“Sono una donna molto diversa da quella che immaginate”: Barbara Bouchet si racconta in esclusiva

Dagni anni '70, vissuti da icona del cinema di genere, fino ad oggi, che frequenta molta tv (e non si trova a suo agio sui social): Barbara Bouchet si racconta in esclusiva

Icona famminile indiscussa del cinema di genere degli anni ’70, Barbara Bouchet ha attraversato le fantasie e i sogni di buona parte degli italiani, con un corpo sempre in perfetta forma, adorato da molti dei registi di culto di quegli anni.

Poi – improvvisamente – l’addio al cinema, durante il quale si è dedicata all’aerobica e alla televisione , oltre che al teatro e – naturalmente – alla famiglia. Poca mondaneità e un carattere forte sono stati la ricetta di una aura che permane ancora durante questi anni, che hanno visto anche il suo fortunato ritorno sul grande schermo, diretta da Martin Scorsese in “Gangs of New York”.

Abbiamo intervistato in esclusiva la signora Bouchet, che sta vivendo questa quarantena forzata da sola e per giunta senza un computer.

Come si fa nel 2020 a vivere senza computer?

Ho un piccolo tablet, che per quello che mi serve basta e avanza. Non devo fare grandi ricerche, vedere i film o chissà cosa con il computer.

Le notizie dove le legge?

Prima del lockdown scendevo al bar tutti i giorni e assieme al mio caffè e cornetto, leggevo il giornale. Adesso non sento un particolare bisogno di leggere le notizie, finisce che mi angoscio ancora di più.

In tv invece cosa guarda?

Molti film e serie tv, faccio tanto zapping e mi soffermo solo su ciò che attira la mia attenzione. Per esempio la serie “Vivi e lascia vivere” con Elena Sofia Ricci e Bianca Nappi: l’ho trovata bellissima, un messaggio molto positivo per le donne. Oppure quando vedo sullo schermo delle vallate, dei boschi o dei giardini, mi fermo a guardarli. Spesso si tratta di fiction nordiche, con paesaggi bellissimi. E lì mi metto a sognare, mi rilassano.

Il cinema sta soffrendo molto in questo momento.

Già prima in pochi andavano al cinema, adesso con tutte le produzioni ferme è una vera tragedia.

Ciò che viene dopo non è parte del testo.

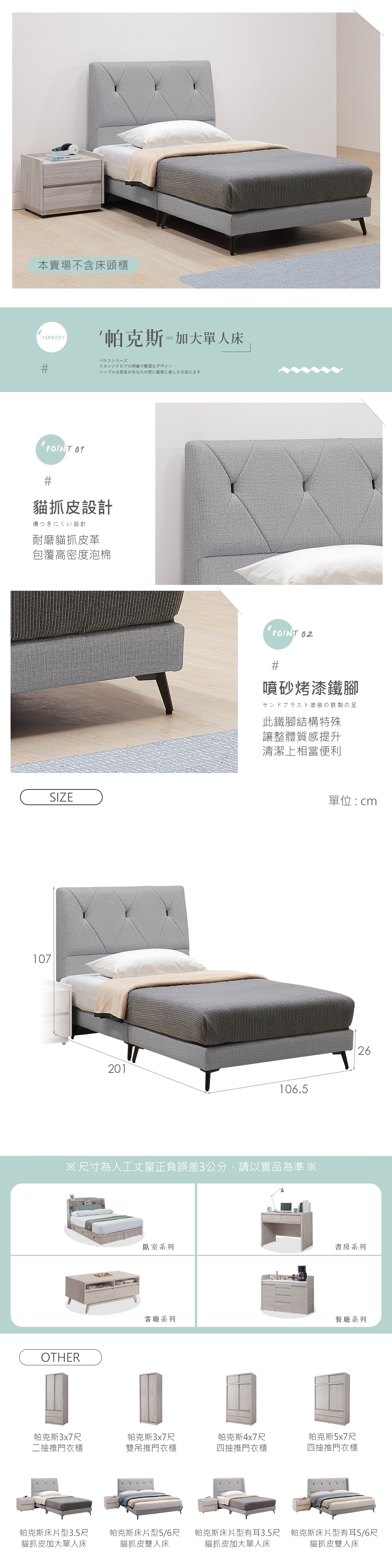 名稱:帕克斯床片型3.5尺貓抓皮加大單人床
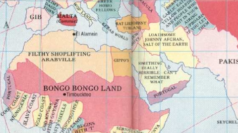 ‘Slanty-Eyed Chinky Takeaway Land’ could have been a name for China thought up by upper-class British anachronisms such as Prince Philip. Japan gets a positive mention as ‘The Wonderful Hardworking Japanese’. Straight above lies the Kamchatka peninsula, incorrectly labelled as ‘Used to Be British, But Gone to the Dogs Now’. Coloured in British pink are an oversized Hong Kong, and the Philippines (labelled ‘Channel Islands’ and ‘Au Pair Land’). Australia is ‘Singapore’, Tasmania is ‘Thingy’. Indonesia is ‘No Idea’, ‘Nope’, ‘Who Cares?’ and so forth. The former British Raj in the Indian subcontinent is labelled ‘Pakis’, while the Middle East rounds out Asia with another ‘Portugal’ (on the southern coast of Arabia, where Yemen and Oman are), and a few other descriptions too nasty and in any case too illegible to reproduce here.

Come lo vede il futuro dell’audiovisivo?

Avrei dovuto iniziare un film che non so quando e se si farà. Qui è tutto un limbo, il cinema dà lavoro a migliaia di persone e quello che sta succedendo è un enorme problema per tutti.

Anche “Ballando con le stelle” è stato sospeso, tra l’altro. Le hanno fatto capire quando potrà riprendere?

No, non lo sanno neanche loro. Si parla di fine maggio, ma chi lo sa? Prima era metà aprile: la verità è che nessuno ha la bacchetta magica per predire quando si potrà davvero ricominciare.

A proposito di tv, lei è stata la prima a portare l’aerobica sul piccolo schermo in Italia: com’è nata questa idea?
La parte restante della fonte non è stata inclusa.